David Bradley ISSUE #40
September 2004

That INChI Feeling

Steve Heller  
Over the years, IUPAC names have become increasingly cumbersome. But, Dmitrii Tchekhovskoi, Steve Stein, and Steve Heller of the National Institute of Standards and Technology (NIST) have worked to develop a means for identifying chemical structures on a computer without having to work out a complex, standard nomenclature for each one. The RSC's Alan McNaught heads the IUPAC Task Group for the project, while Reactive Reports publisher ACD/Labs has incorporated the concept into their ACD/ChemSketch structure drawing program.The resulting IUPAC-NIST Chemical Identifier (INChI) could revolutionize chemical information retrieval, cheminformatics, and data mining.

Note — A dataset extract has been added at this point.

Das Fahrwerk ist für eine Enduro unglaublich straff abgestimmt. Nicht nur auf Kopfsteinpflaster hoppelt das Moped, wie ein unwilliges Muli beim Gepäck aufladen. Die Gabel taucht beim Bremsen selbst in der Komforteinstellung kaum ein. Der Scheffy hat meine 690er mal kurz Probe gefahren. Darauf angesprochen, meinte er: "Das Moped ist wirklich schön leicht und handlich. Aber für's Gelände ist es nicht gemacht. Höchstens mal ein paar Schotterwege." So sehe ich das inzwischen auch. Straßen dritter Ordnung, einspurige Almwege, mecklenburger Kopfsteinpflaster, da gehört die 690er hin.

   INChI in action on ChemSketch. Click image to magnify
 Screengrab of INChI in action on ChemSketch (Images by David Bradley)

The chemical structure of a compound is its only true identifier, according to the developers of INChI; however, structures are not unique or convenient for computers. The INChI team, building on Heller's original idea, has found an algorithm that converts any structure using its atom connection table into a unique string of characters.

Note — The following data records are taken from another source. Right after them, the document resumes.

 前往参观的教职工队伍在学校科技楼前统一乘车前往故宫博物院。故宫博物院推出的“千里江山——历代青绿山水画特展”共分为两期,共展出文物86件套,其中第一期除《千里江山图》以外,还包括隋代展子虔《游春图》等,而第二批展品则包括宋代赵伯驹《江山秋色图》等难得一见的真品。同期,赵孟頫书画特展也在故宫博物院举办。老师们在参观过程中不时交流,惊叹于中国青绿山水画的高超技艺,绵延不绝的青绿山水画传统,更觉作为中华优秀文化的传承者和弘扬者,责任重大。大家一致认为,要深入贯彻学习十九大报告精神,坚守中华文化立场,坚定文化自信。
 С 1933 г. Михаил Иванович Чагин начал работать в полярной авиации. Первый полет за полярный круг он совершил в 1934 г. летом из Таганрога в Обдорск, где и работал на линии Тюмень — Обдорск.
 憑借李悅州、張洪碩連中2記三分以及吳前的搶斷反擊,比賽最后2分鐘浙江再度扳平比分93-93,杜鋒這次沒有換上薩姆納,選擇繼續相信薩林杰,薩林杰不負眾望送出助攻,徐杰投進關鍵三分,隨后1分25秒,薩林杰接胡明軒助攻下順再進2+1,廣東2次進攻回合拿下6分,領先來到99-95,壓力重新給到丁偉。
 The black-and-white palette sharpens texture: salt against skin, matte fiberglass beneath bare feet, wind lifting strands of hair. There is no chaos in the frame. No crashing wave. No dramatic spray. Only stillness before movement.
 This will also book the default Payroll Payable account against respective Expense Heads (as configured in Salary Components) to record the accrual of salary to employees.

The latest version of INChI now not only handles organic, covalent structures but also inorganic and organometallic compounds and is now available.

In practice, a user will simply draw a compound's structure in a package, such as ACD/ChemSketch, and the built-in INChI component will convert it to a unique identifier. The string could, in theory, be converted back to a structure. "We will all reap the benefits of a generally accepted computer convention for uniquely representing and communicating the identity of any chemical substance," McNaught told Reactive Reports.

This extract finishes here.